阅读提示:为防止内容获取不全,请勿使用浏览器阅读模式。
“不是老朽自夸,我这女儿,容姿、才情、秉性,那都是上上等的,明年就要及笄了,也不知谁有这个福气呀!”
韦昭度没想到刘相竟真有这个意思,饶是他向来城府深沉,喜怒不形于色,此刻也惊吓住了,忙端起茶来掩饰。
他发妻于去年病故,留有一子,中馈确实乏人。但他年近四旬,刘淓却未及笄,这相差实在有点大。而且,以刘瞻声望,想与刘府联姻的多了去了,如今上都就有许多青年才俊,大有挑选余地,何必将女儿嫁他作继室?
他虽有些地位,刘瞻却绝不是攀龙附凤之人。
连连喝了几口,韦昭度斟酌着用词,问道:“韦相,这是……?”
刘瞻却哈哈大笑起来,故意曲解他的意思:“自然是舍不得呀!”
这是要撇过不愿意说了,韦昭度没有续弦的想法,也就不再多问。二人便聊起今日受册仪式,为圣上身体担忧了几句,就讲到了圣上的罗帕上。
刘瞻微笑,大方地将圣人今日赏下的手帕呈给他看。
今日受册仪式结束后,皇帝微咳,拿罗帕时不慎没拿稳,罗帕坠地,正落在刘瞻脚旁。刘瞻捡起帕子呈给皇帝,皇帝和他寒暄了两句,帕子也不要了,顺势赏了给他。

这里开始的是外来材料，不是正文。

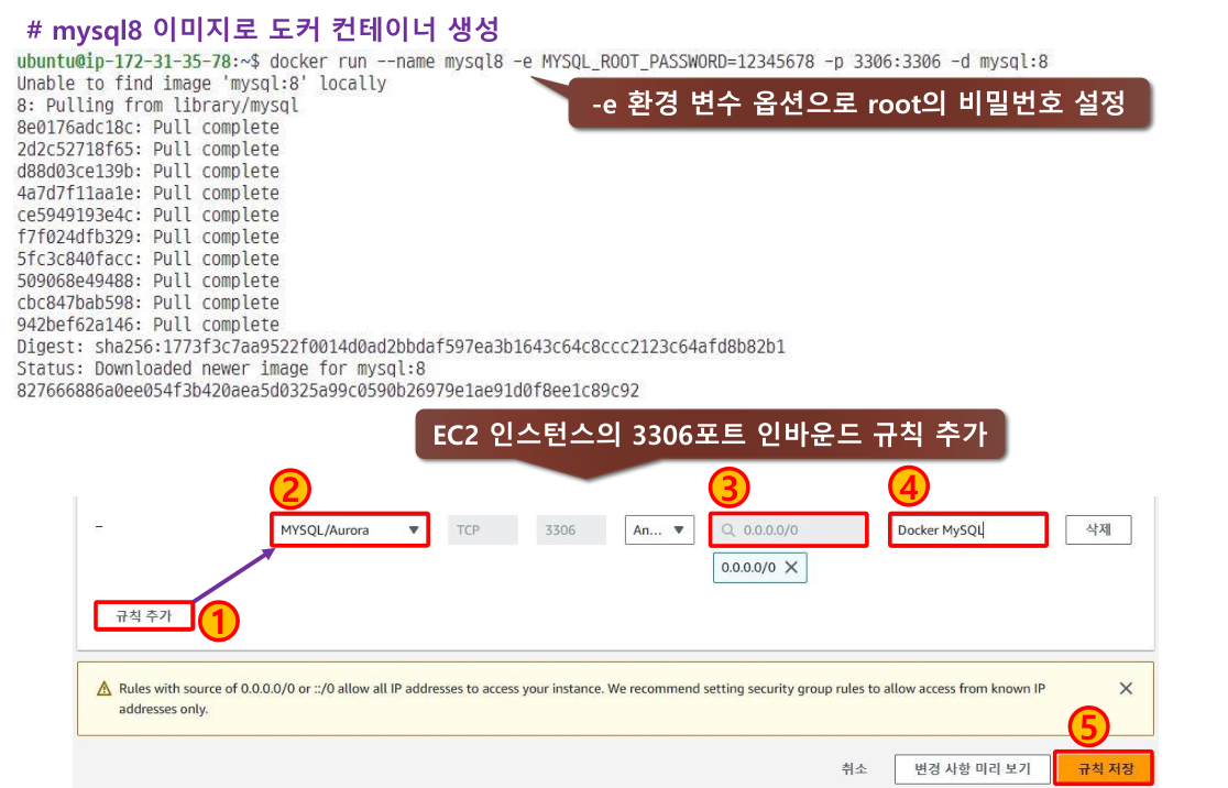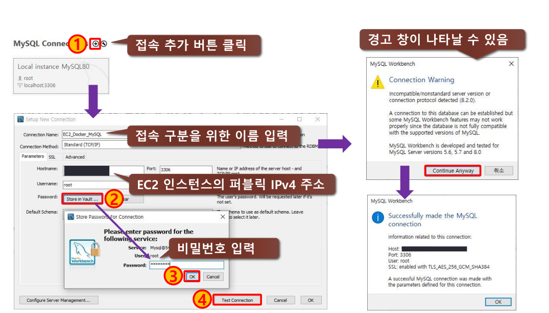 릭해 도커 컨테이너로 생성한 MySQL에 접속해서 데이터베이스를 생성한다
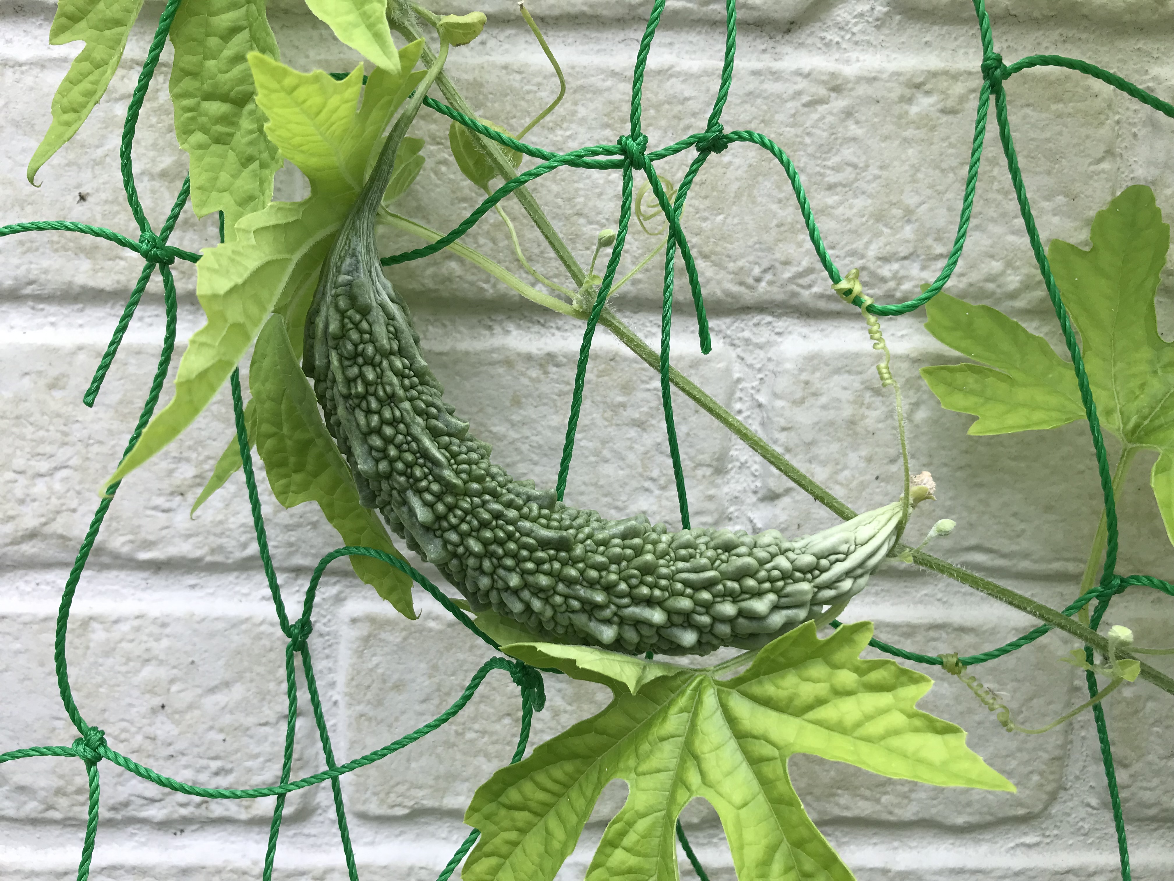 1ケ月前に植えたゴーヤの実が大きくなりだしました。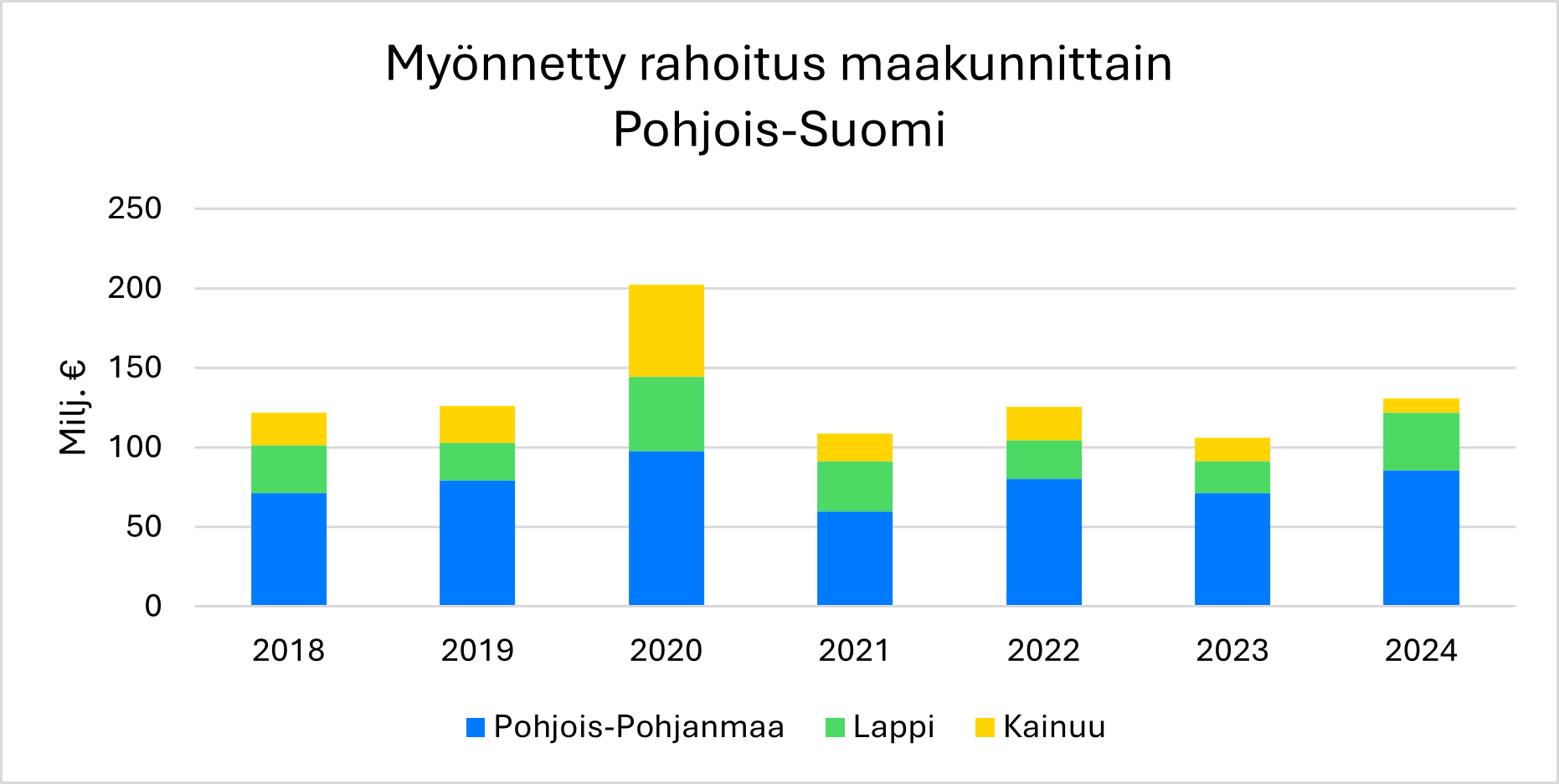 Pohjois-Suomen aluekatsaus 1–12/2024: Lapin rahoitus lähes tuplaantui, Pohjois-Pohjanmaan kasvoi viidenneksen, Kainuun laski

韦昭度细细检查了许久,实在没发现这帕子做了什么文章。
刘瞻也不催,悠悠喝着自个儿的茶。仿佛当朝臣首特地跑来看帕子,很正常。
韦昭度想不明白其中关窍,但目的已经达成,和刘瞻闲聊了两句,就告辞了。
刘瞻起身将他送出书房,再回来时,却完全变了个人,一下子苍老了许多。沉着脸寂坐,不声不响,只眉头越皱越深。
外头半天没有声响,刘沁不由叫苦,父亲琢磨事,少则一盏茶时间,多则几个时辰。困在这里面,手脚也伸不直,难受得很,而且她很饿了。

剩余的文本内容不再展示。